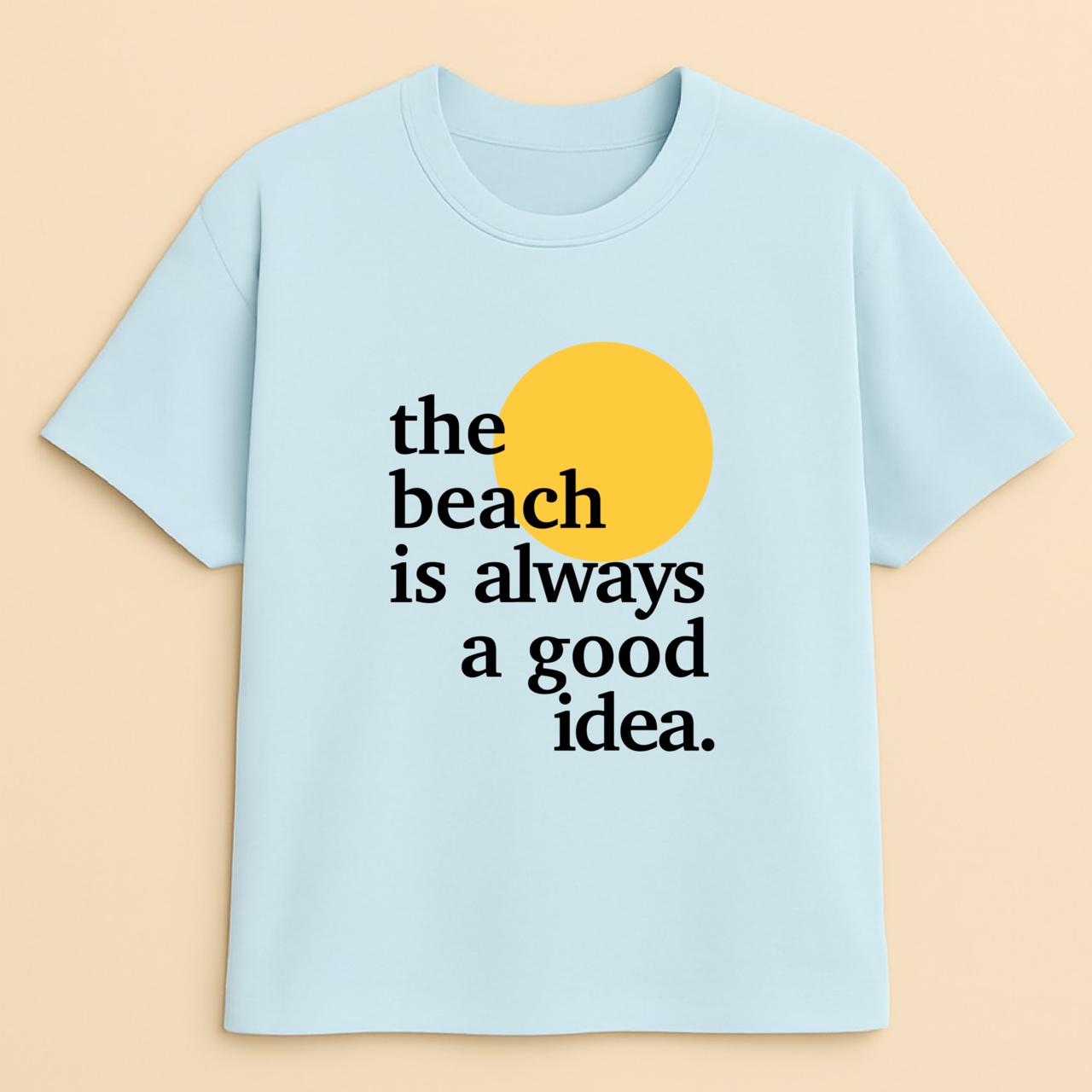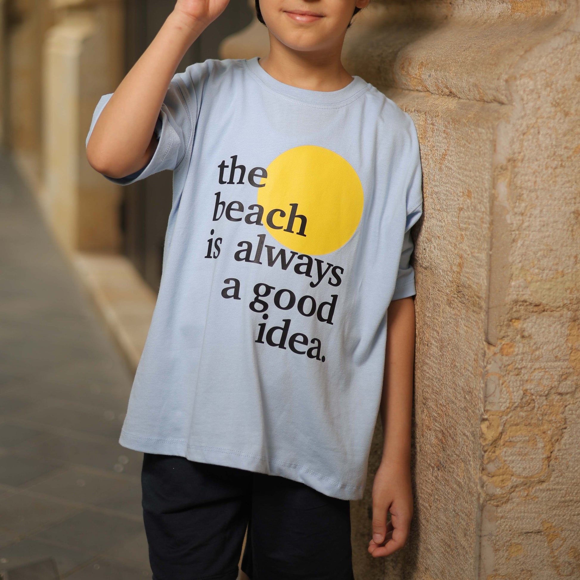 Soft blue tee with a fun reminder – the beach is always a good idea. Laid-back and full of sunshine spirit.
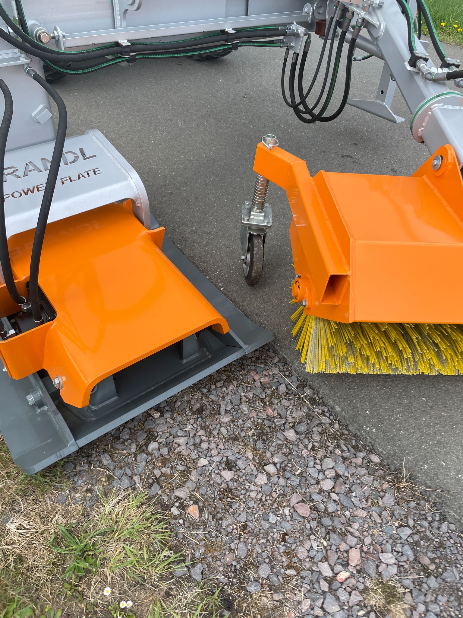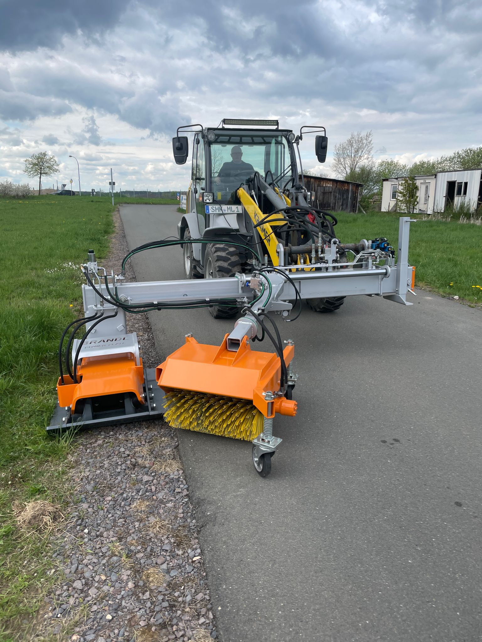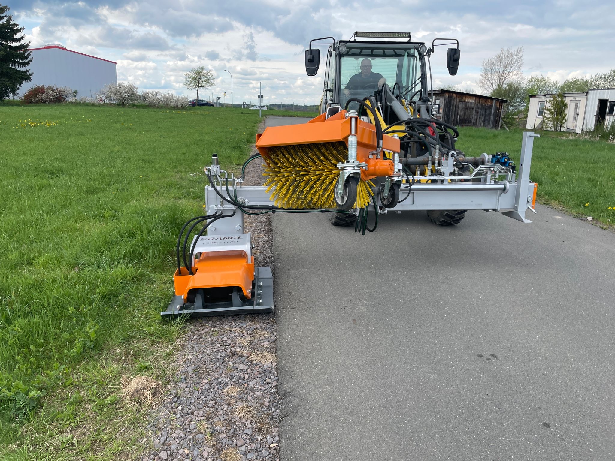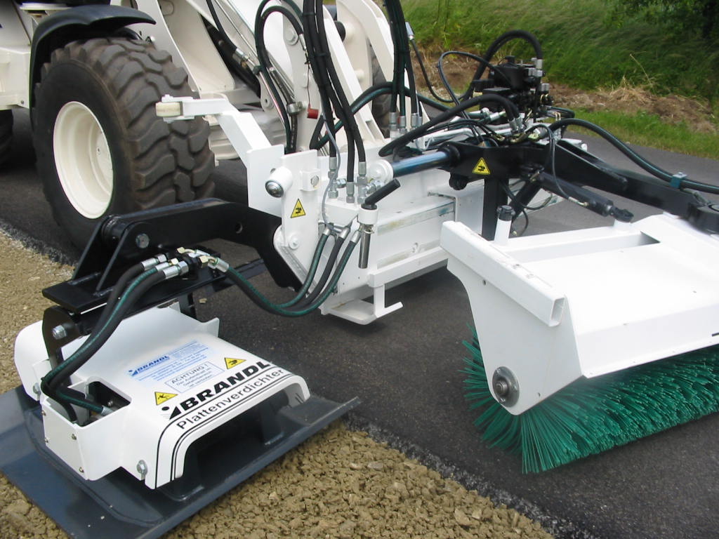 hydraulisch angetriebener, seitlich hydraulisch teleskopierbarer Einfachplattenverdichter mit vorlaufender Kehrmaschine für Radlader, Schlepper, Kommunalfahrzeuge - System BRANDL/BOMAG
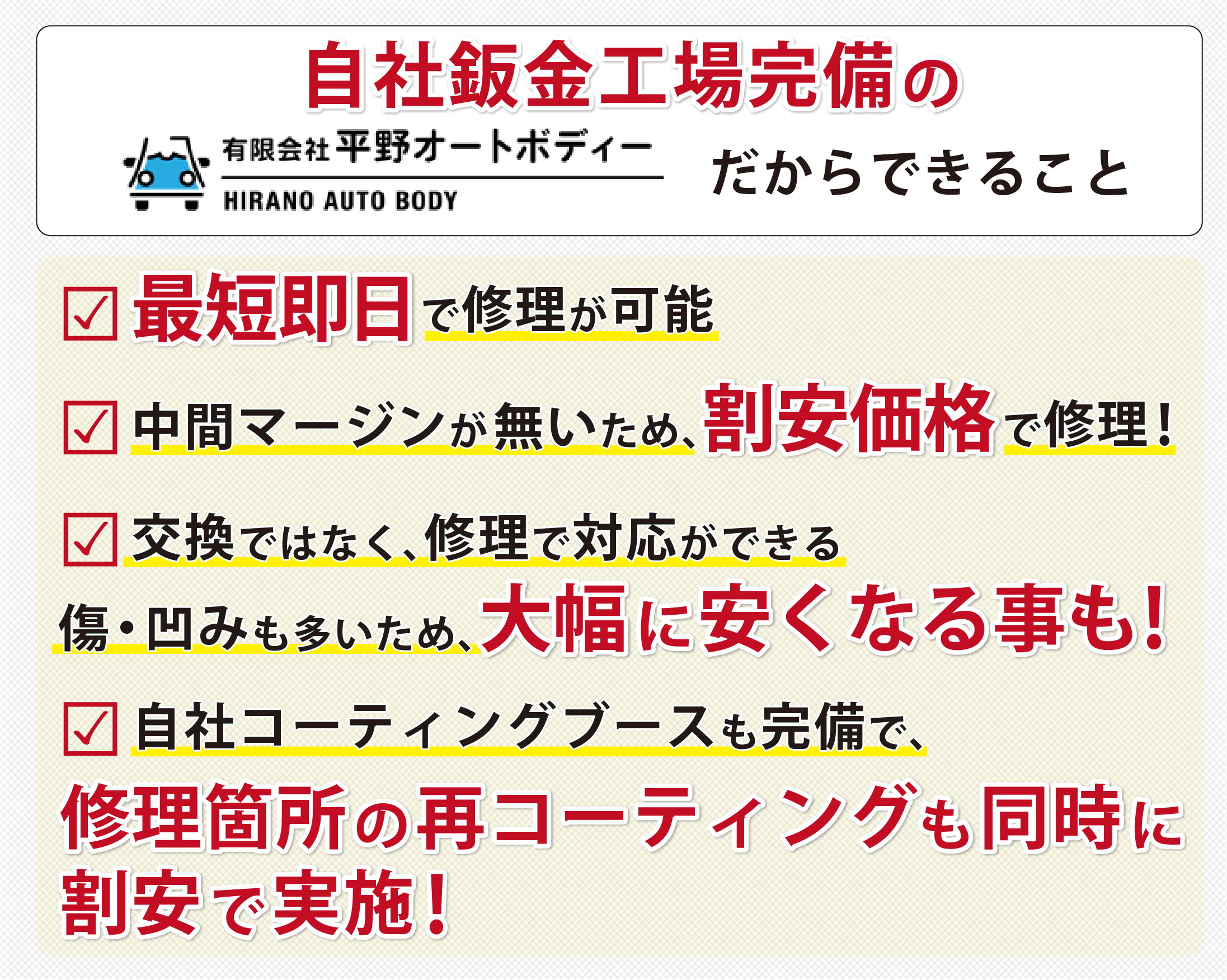 バンパー補修以外でも、修理完了まで1日~3日でお車のお引き渡しが可能です。
####
YOUR TASK: Everything above should be given again exactly, apart from the pictures.

WORKED SOLUTION:
 Soft blue tee with a fun reminder – the beach is always a good idea. Laid-back and full of sunshine spirit.
 hydraulisch angetriebener, seitlich hydraulisch teleskopierbarer Einfachplattenverdichter mit vorlaufender Kehrmaschine für Radlader, Schlepper, Kommunalfahrzeuge - System BRANDL/BOMAG
 バンパー補修以外でも、修理完了まで1日~3日でお車のお引き渡しが可能です。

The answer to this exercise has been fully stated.